#### ENTRIES SUPPLIED:
+++
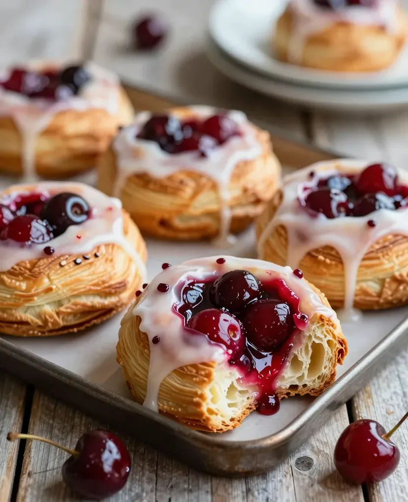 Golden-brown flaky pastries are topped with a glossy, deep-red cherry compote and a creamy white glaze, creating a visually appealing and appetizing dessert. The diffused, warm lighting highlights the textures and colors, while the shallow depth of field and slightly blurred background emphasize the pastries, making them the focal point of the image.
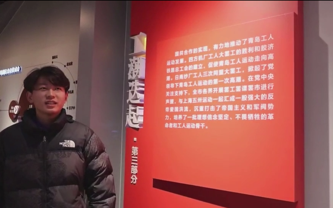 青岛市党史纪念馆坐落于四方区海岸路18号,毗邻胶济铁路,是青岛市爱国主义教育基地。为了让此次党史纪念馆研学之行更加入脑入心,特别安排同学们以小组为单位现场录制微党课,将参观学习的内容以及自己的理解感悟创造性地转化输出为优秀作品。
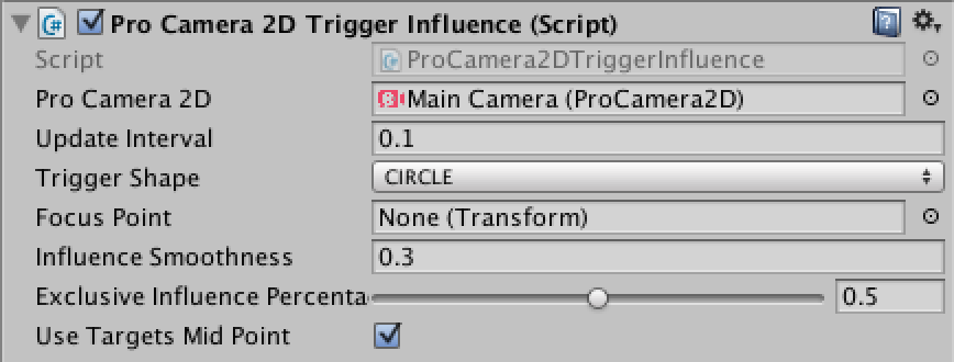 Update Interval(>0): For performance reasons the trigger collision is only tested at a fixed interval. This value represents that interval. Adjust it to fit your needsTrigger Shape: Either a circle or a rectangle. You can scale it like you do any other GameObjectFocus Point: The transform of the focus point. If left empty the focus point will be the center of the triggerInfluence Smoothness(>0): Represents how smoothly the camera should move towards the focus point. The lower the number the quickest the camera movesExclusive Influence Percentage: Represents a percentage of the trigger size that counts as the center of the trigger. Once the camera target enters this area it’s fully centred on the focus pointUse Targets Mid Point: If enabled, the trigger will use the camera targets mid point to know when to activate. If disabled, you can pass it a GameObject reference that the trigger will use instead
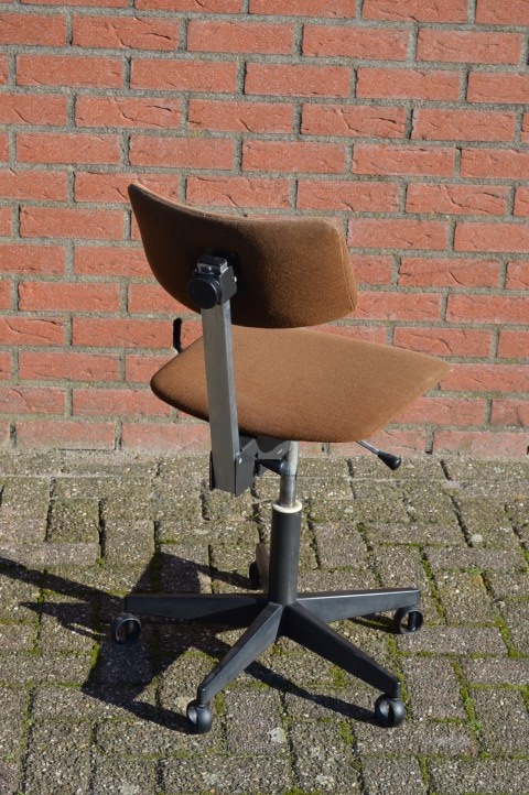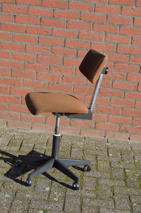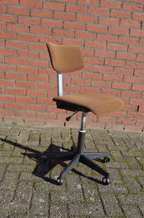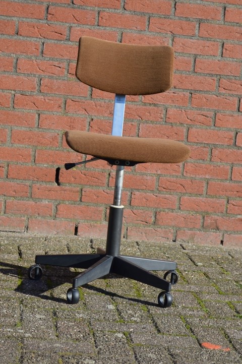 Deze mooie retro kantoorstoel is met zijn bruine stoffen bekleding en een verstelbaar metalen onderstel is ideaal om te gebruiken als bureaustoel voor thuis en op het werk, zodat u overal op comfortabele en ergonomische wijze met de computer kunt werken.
+++
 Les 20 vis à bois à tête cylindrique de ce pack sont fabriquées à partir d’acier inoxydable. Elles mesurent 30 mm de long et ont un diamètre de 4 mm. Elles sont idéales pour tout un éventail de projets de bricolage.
+++
#### TASK TO CARRY OUT:
Between and including the line with "Golden-brown flaky pastries" and the line with "Update Interval(>0): For", repeat every line exactly as it appears above, with pictures left out.

#### EXERCISE OUTPUT:
 Golden-brown flaky pastries are topped with a glossy, deep-red cherry compote and a creamy white glaze, creating a visually appealing and appetizing dessert. The diffused, warm lighting highlights the textures and colors, while the shallow depth of field and slightly blurred background emphasize the pastries, making them the focal point of the image.
 青岛市党史纪念馆坐落于四方区海岸路18号,毗邻胶济铁路,是青岛市爱国主义教育基地。为了让此次党史纪念馆研学之行更加入脑入心,特别安排同学们以小组为单位现场录制微党课,将参观学习的内容以及自己的理解感悟创造性地转化输出为优秀作品。
 Update Interval(>0): For performance reasons the trigger collision is only tested at a fixed interval. This value represents that interval. Adjust it to fit your needsTrigger Shape: Either a circle or a rectangle. You can scale it like you do any other GameObjectFocus Point: The transform of the focus point. If left empty the focus point will be the center of the triggerInfluence Smoothness(>0): Represents how smoothly the camera should move towards the focus point. The lower the number the quickest the camera movesExclusive Influence Percentage: Represents a percentage of the trigger size that counts as the center of the trigger. Once the camera target enters this area it’s fully centred on the focus pointUse Targets Mid Point: If enabled, the trigger will use the camera targets mid point to know when to activate. If disabled, you can pass it a GameObject reference that the trigger will use instead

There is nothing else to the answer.